Amazon SageMaker Service

2023/03/02 - Amazon SageMaker Service - 1 updated api methods

Changes  Add a new field "EndpointMetrics" in SageMaker Inference Recommender "ListInferenceRecommendationsJobSteps" API response.

ListInferenceRecommendationsJobSteps (updated) Link ΒΆ
Changes (response)
{'Steps': {'InferenceBenchmark': {'EndpointMetrics': {'MaxInvocations': 'integer',
                                                      'ModelLatency': 'integer'}}}}

Returns a list of the subtasks for an Inference Recommender job.

The supported subtasks are benchmarks, which evaluate the performance of your model on different instance types.

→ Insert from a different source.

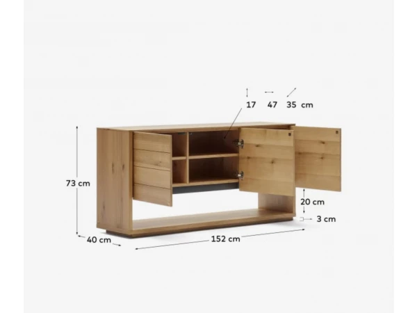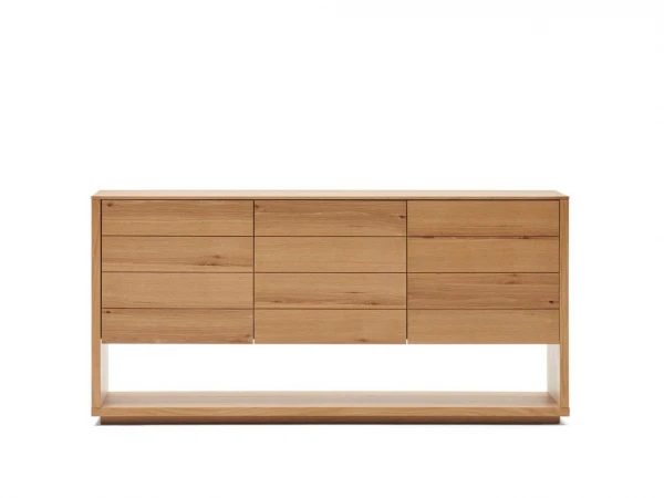 Het Alguema dressoir van Kave Home brengt een natuurlijke en rustgevende sfeer in je interieur. Met zijn prachtige afwerking in eiken fineer voegt dit dressoir een tijdloze flair toe aan je ruimte. De kast geeft de indruk over lades te beschikken, maar eigenlijk bestaat het uit 3 deuren met daarachter telkens 2 legplanken. Deze deuren openen moeiteloos dankzij het handige snap-mechanisme en sluiten zachtjes dankzij de soft close functie. Bovendien zijn de poten verstelbaar voor een perfecte balans en stijl. Laat Alguema je interieur versterken met zijn tijdloze en minimalistische design.

See also: AWS API Documentation

Request Syntax

client.list_inference_recommendations_job_steps(
    JobName='string',
    Status='PENDING'|'IN_PROGRESS'|'COMPLETED'|'FAILED'|'STOPPING'|'STOPPED',
    StepType='BENCHMARK',
    MaxResults=123,
    NextToken='string'
)
type JobName:

string

param JobName:

[REQUIRED]

The name for the Inference Recommender job.

type Status:

string

param Status:

A filter to return benchmarks of a specified status. If this field is left empty, then all benchmarks are returned.

type StepType:

string

param StepType:

A filter to return details about the specified type of subtask.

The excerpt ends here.